This holiday season, COVID-19 could be the villain that squelches any sign of cheer for yet another year.
The delta variant has propelled a spike in COVID cases after Thanksgiving in Massachusetts while the highly mutated omicron variant's impact remains to be seen as it gains a foothold in the Bay State. In fact, the World Health Organization on Wednesday said the new strain could change the course of the pandemic.
Amid the added uncertainty, NBC10 Boston asked three top Boston doctors during the weekly "COVID Q&A" series to give an update on the state of the pandemic in Massachusetts and whether we should rethink holiday parties.
Current State of COVID in Mass.
Coronavirus cases and hospitalizations have been steadily rising in Massachusetts and across New England in recent weeks. Meanwhile, the omicron variant was first detected in Massachusetts earlier this month.
"The numbers for the state of Massachusetts have really rocketed up," said Dr. David Hamer of Boston Medical Center. "I think it's probably a lot of Thanksgiving-related parties and gatherings that have led to transmission."
Health officials have been seeing a dramatic rise in coronavirus cases in recent weeks -- Wednesday's daily report had more than 5,000 new cases, the most in a single day since mid-January. The previous single-day high for newly confirmed COVID cases was on Jan. 16, as last winter's surge was receding, state data shows.
Epidemiologist Dr. Shira Doron was reluctant to estimate when cases might start to decline, but based on last year's trajectory, she said it could occur sometime in February.
"I don't ever try to predict what's going to happen with this virus anymore," said Doron, of Tufts Medical Center. "But the curve is very, very similar to last year's curve at this time."
Meanwhile, Boston doctors are seeing hospitals in Massachusetts reach capacity. Some have had to restrict non-urgent procedures as a result.
Dr. Daniel Kuritzkes, chief of infectious disease at Brigham and Women's Hospital, said the number of people in the hospital with COVID has about doubled. Doron said she has seen "very similar proportions" at Tufts Medical Center since Thanksgiving.
"I think, through the Christmas and New Year's holidays, we're going to just see this at least plateau, if not continue to increase in numbers of cases," Kuritzkes said.
A great majority of cases in the post-Thanksgiving spike were caused by the delta variant, Hamer said, with a smaller percentage by delta plus.

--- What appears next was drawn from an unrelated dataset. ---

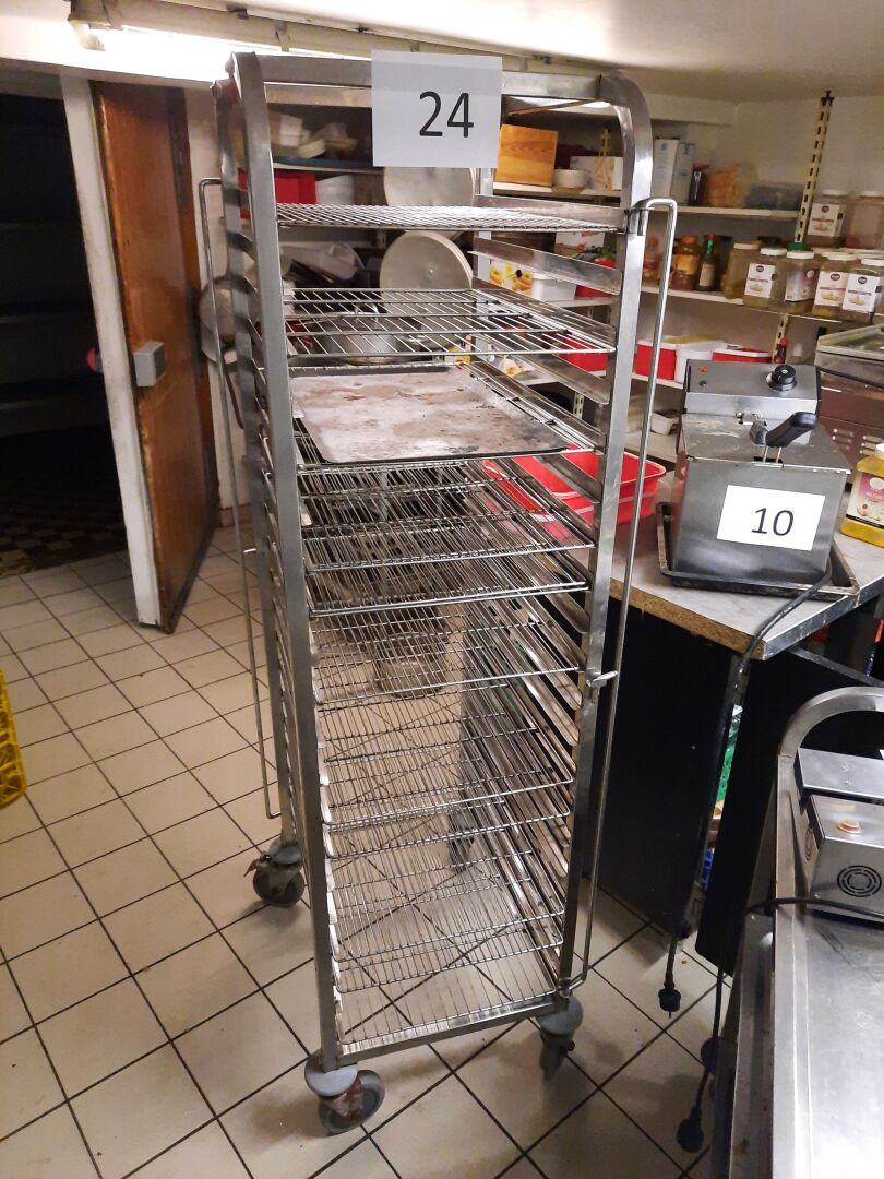 Échelle en inox roulante à 20 niveaux On joint : 12 grilles 40x60 cm LOT SITUE AU SOUS SOL - PREVOIR MOYEN MATERIEL ET HUMAIN POUR DELIVRANCE VIA UN ESCALIER

He also pointed to the Boston-area COVID wastewater tracker, which earlier this week reached the highest level of the virus seen so far, about as high as last winter's spike reached, and have since risen.

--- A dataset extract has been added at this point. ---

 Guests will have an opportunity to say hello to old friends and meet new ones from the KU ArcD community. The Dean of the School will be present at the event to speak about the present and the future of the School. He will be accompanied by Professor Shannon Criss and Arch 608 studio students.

"The wastewater data have spiked to nearly the highest concentration that we've seen through the whole pandemic," Hamer said. "So I'm concerned about what's going on."
How to have a holiday party despite COVID, omicron
The experts say that plenty of precautions can be taken to prevent the spread of infection at holiday parties, including masks, at-home COVID tests and spending time outside.

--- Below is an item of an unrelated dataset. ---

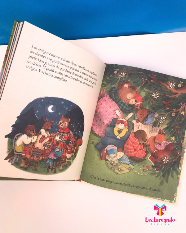 ¡Llega la noche más esperada del año! Todos los animalitos del bosque se preparan para celebrar la Navidad. La ardilla, la nutria, el pájaro, el conejo y el oso hicieron los adornos que van a decorar El Gran Árbol de Navidad, la estrella de la noche. Y, por supuesto, los espera una pijamada especial... Pero algo, más bien, alguien, va a sorprenderlos de camino al Gran Árbol.

"I really think that we have to find a good balance of caution and humanity. We can't keep keeping families apart," Doron said. "I will say that there are plenty of tools in the tool shed so that people can be with the family members that are important to them, and do the things that they do during the holidays."
Utilizing multiple precautionary measures adds extra layers of protection, Doron said, but she cautioned that there are no guarantees.
"There is no zero-risk situation," Doron said. "Even staying home with your nuclear family is not zero-risk. But there are ways to increase the safety around an extended family gathering."
Kuritzkes noted that, while at-home testing kits can serve as an added measure of protection, they have some limitations.
Home kits, which rely on antigen testing, are not as accurate as the PCR tests done in hospitals and at testing sites, but they have the advantage of giving results within minutes instead of days. Kuritzkes said that the over-the-counter tests are best used with symptomatic disease and are less effective in detecting asymptomatic infection.
Kuritzkes emphasized the importance of getting vaccinated and ensuring that those you're celebrating with are vaccinated as well.
"The issue is always to be aware of the situation in which you find yourself, but, to the extent possible, you should limit your gatherings to gatherings of people who were vaccinated," Kuritzkes said. "If you're going to be in a mixed group, then you should be wearing a mask, or be outdoors, or make sure there's more ventilation and limit your time, especially for very close contact."
Public officials and medical experts have been urging people to get vaccinated or to receive booster shots amid growing concerns about the omicron variant.
More from the COVID Qu0026amp;A Series
A panel of Boston-based doctors talking about everything related to the COVID-19 pandemic every Tuesday at 10:30 a.m.
In an earlier episode of "COVID Q&A," the experts said they weren't sure if the omicron variant can evade the existing COVID-19 vaccines or natural antibodies.
Shortly afterward, the Pfizer vaccine was reported to be less effective against the omicron variant. However, the drug company said Wednesday that a booster shot may offer enough added protection against omicron, even though the initial two doses appear significantly less effective.